Simplify (1+k2)x 2-4x+1=0

When x=0, the above equation will not hold, so x is not equal to 0

So 1+k 2=(4x-1) x 2=4(1 x)-(1 x) 2=-(1 x-2) 2+4

1 x-2) 2+4 is less than or equal to 4

So 1+k 2 is less than or equal to 4

So k 2 is less than or equal to 3

So k is up to 3

The complex number z=x+yi, and z-2 = 3

x-2+iy∣=√3

x-2)²+y²=3

Let y x=k

Get (1+k) x -4x+1=0

16-4(1+k²)≥0

k²≤3k≤√3

The maximum value of y x is 3

According to (x-2) 2+y 2=3

Draw a circle with the maximum slope of the line between the point on the circle and the origin.

As can be seen from the image:

The answer is: root number 3

This is probably not a chemical ......I'm a little dizzy, so I'll tell you about it as I understand it.

From the problem, the point corresponding to the complex number (z2,-i) is on the negative half axis of the real axis, that is, the imaginary part of the complex number (z2,-i) is 0.

Therefore, with potatoes, there is m2-3m+3-1=0, and the solution is m=1 or 2 (m2 is the square of m, right?). ), then the value of the complex number z2 is -2+i or i (the one who repeats the quarrel with z1 is rounded).
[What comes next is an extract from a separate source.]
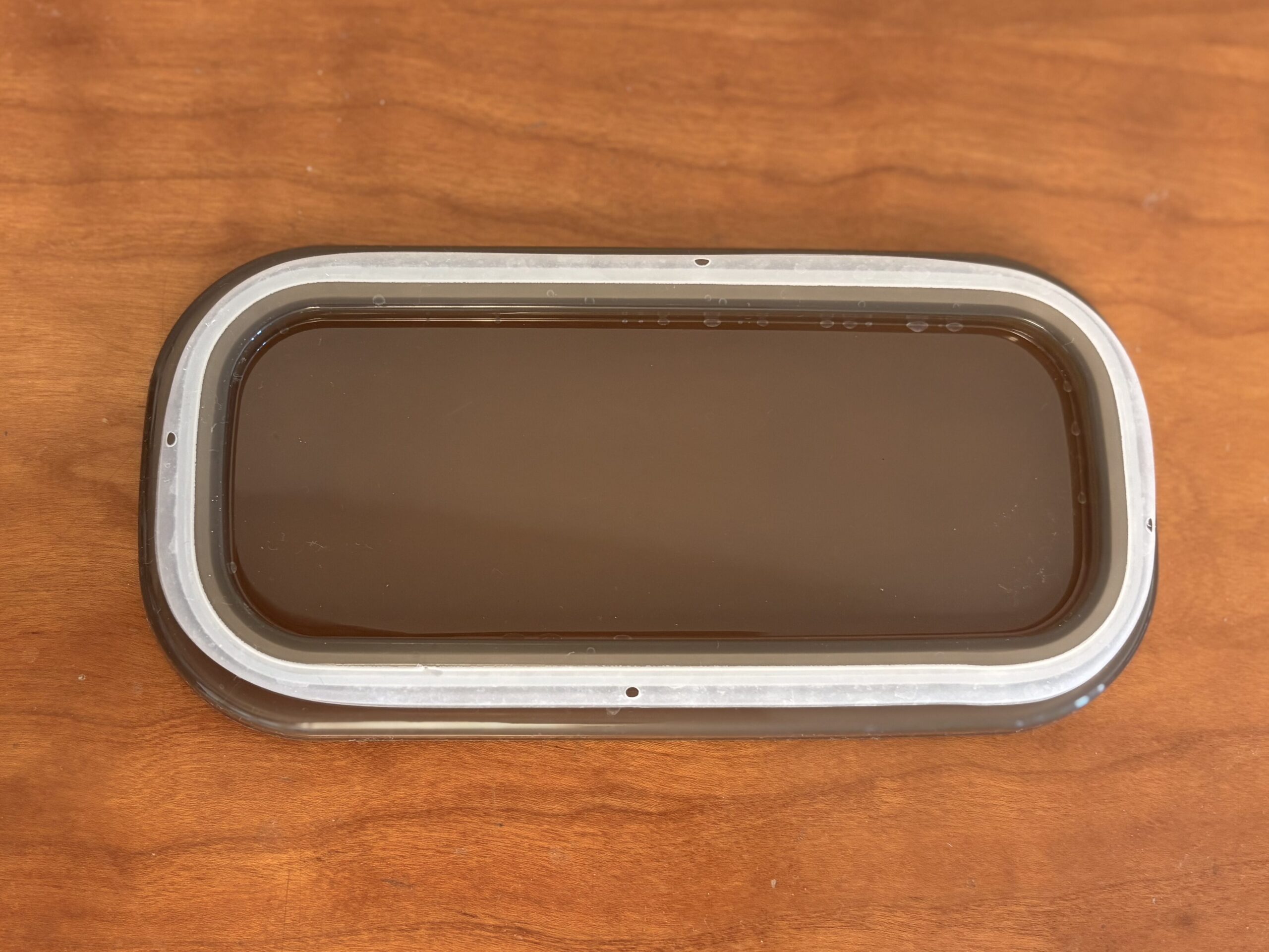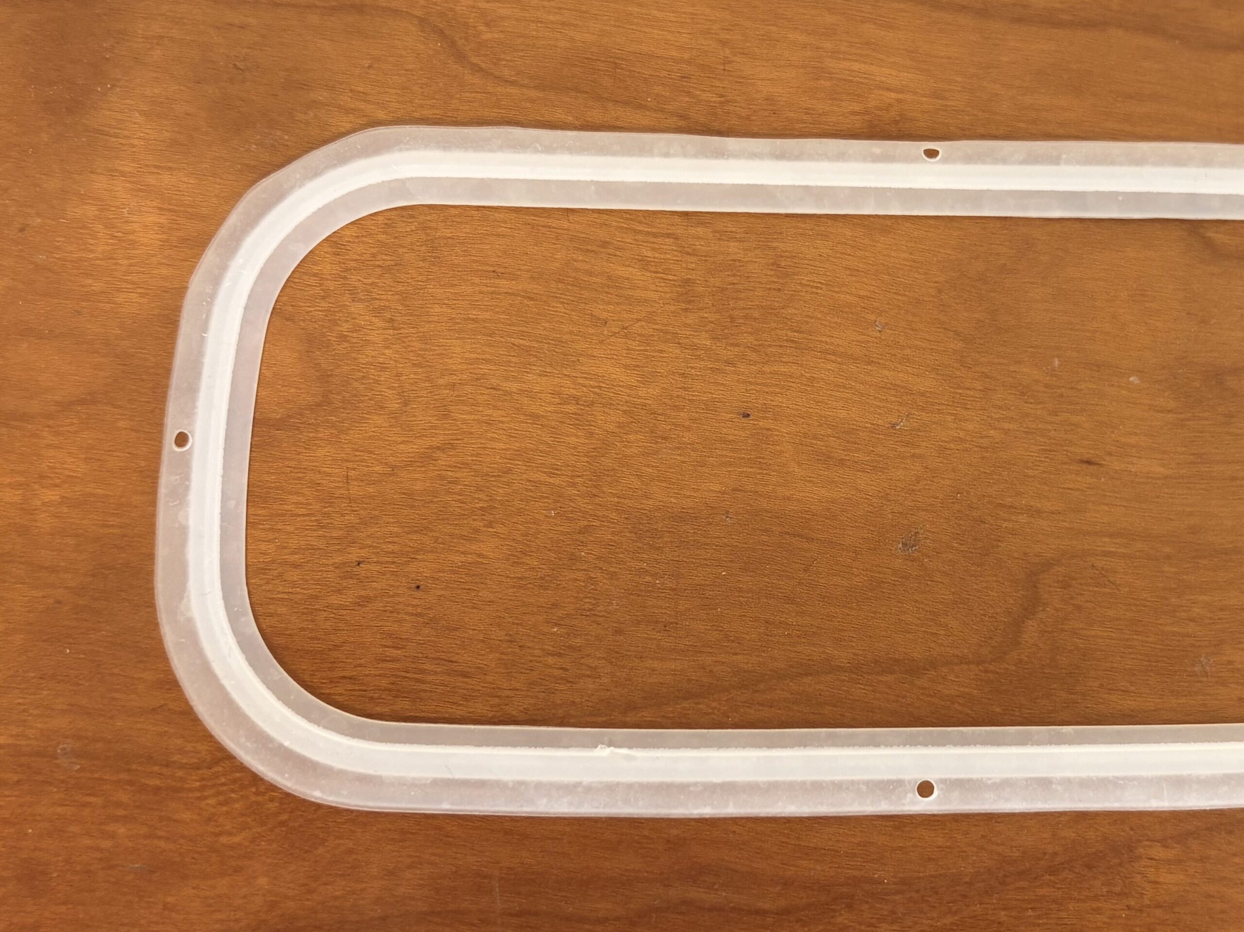 スリコのフタにはパッキンがついています。こちら、柔らかい素材で取り外しが楽なのですが、角が分かりにくい…。と思ったら、小さい穴があり、こちらを目印に取り付けることができる点、高評価です。

So m=1, z2=-2+i.

There is also z1·z=z2, let z1 be (1,a), (a r), z be (x,y), and from above, z2 is (-2,1).

So there is x=-2, y=1 aBecause a touches r, 1 a r, so plural z

The trajectory of the corresponding point is x=-2

x2-(4+i)x+k+2i=0

x2-4x+k+i(2-x)=0

x=2 and k r

k=4a=2^(log2(3-2x))=2^[(log2(3-2x))/2]=2^(log2√(3-2x))=3-2x)

x-1+xi≤√（2）^log2(3-2x)|=x-1+ix≤√(3-2x)|

It seems that the symbol of the absolute value should be enclosed before and after x-1+ix, indicating the modulo of this complex number.

So the question is:

(x-1)2+x2)≤√3-2x)

Both sides are squared at the same time,:

2x2-2x+1≤3-2x

x2≤1b=

x^2-(4+i)x+k+2i=0

x^2-4x+k+(2-x)i=0

x, k r

2-x=0x^2-4x+k=0

x=2k=4

What does that mean? Complex numbers can't compare sizes... Only the mold can...
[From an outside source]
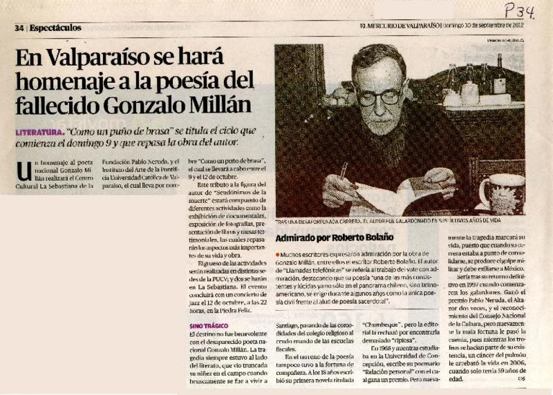 En Valparaíso se hará homenaje a la poesía del fallecido Gonzalo Millán. [artículo]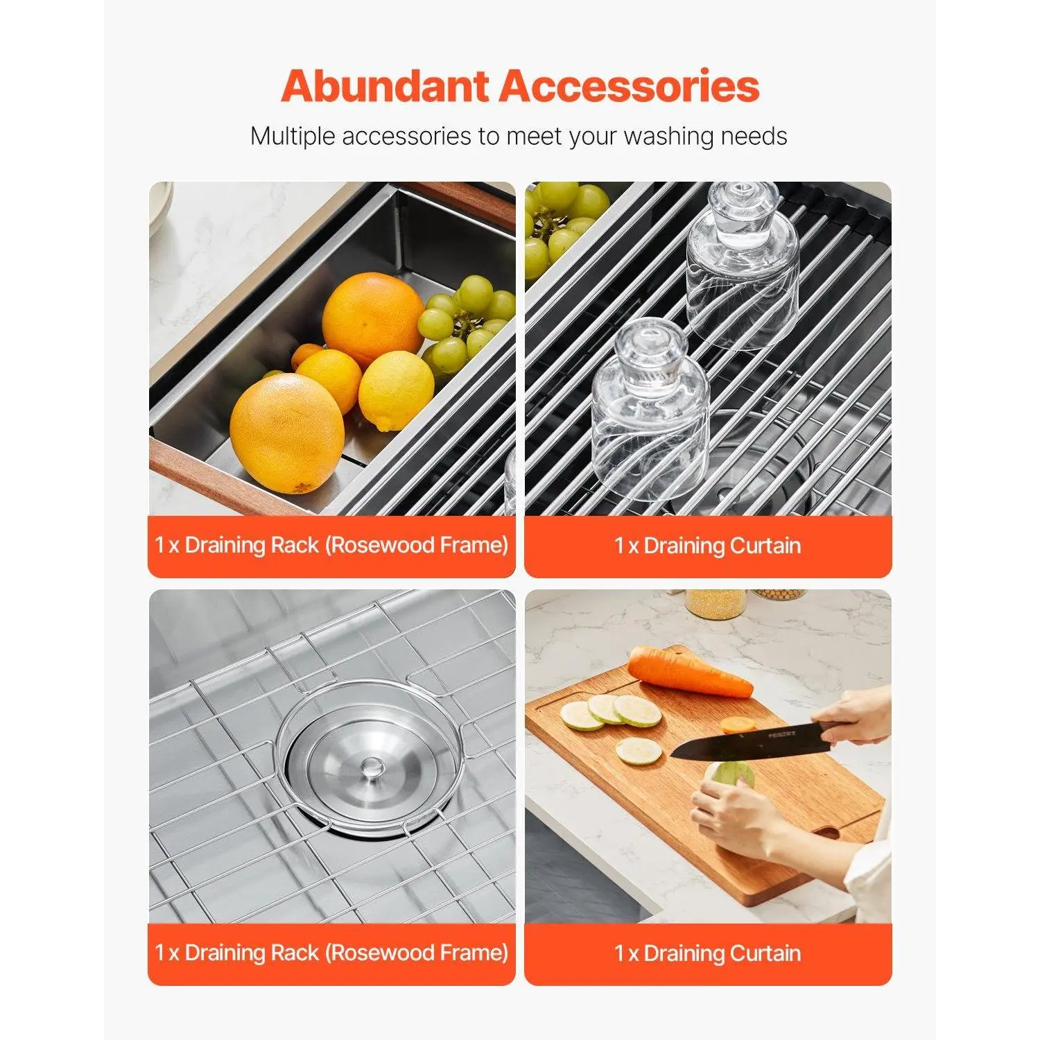 ·Workstation Kitchen Sink: The single-tier track workstation design allows accessories to slide over the sink, simplifying meal prep and cleanup without wasting kitchen counter space. Our household dishwasher sink have multiple accessories: drying rack (rosewood frame) x1, drying matx1, grid x1, cutting board (rosewood) x1.

First of all, my plural is terrible, and I can only use a very bad method.

1.Let z=sin +cos *i, then hail hunger is wanton and unbridled.

z 7 + z -1 = 0, so sin7 +cos7 *i+sin +cos *i-1=0, so.

sin7θ+sinθ=1，cos7θ+cosθ=0.

So sin4 cos3 = 1 grandson return 2 and cos4 cos3 =0

So cos4 = 0, cos3 = +1 2, sin4 =+1 and then later, hehe, let's discuss.

2.Let m=a+b*i, divide the real part into the imaginary part, then a=f(x), b=g(x), |m|=(a^2+b^2)^(1/2)=(x+1/x)^2+（2/x）^2)^1/2

min is obviously obtained at x=+-5) (1 2) and is (2+2(5) (1 2)) 1 2).

Why is it such an ugly answer, just talk about ideas, don't blame if it's wrong.

z1*z2=2+2i+xi-x=2-x+(2+x)i>0.Then 2+x=0, that is, z1*z2 is a real number to change to cautious sun, and imaginary numbers cannot compare the size of the nucleus, so x=-2

The cube root of 1 is (cos2 3 isin (cos4 3 isin4 3).

Then: the cube root of 1 8 is: 1 2, (1 2) (cos2 3 isin2 3), (1 2) (cos4 3 isin4 3).

The cubic roots of 27 are: 3, 3 (cos2 3 isin2 3), 3 (cos4 3 isin4 3).

There are 3 cube roots of 1, which are -1 2+isqr(3) 2, -1 2-isqr(3) 2, -1

The cube root of 1 8 is equal to the cube root of 1* (1 2).

The cube root of 27 is equal to the cube root of 1 * (-3).

We know that the modulo of a vector is equal to the square of the vector under the root sign. z-z1 = root number ((z-z1) 2) = root number (z 2 + z1 2-2 * z * z1 *cos), when cos = -1, the value is the maximum, z + z1 = 2 root number 2 + 1.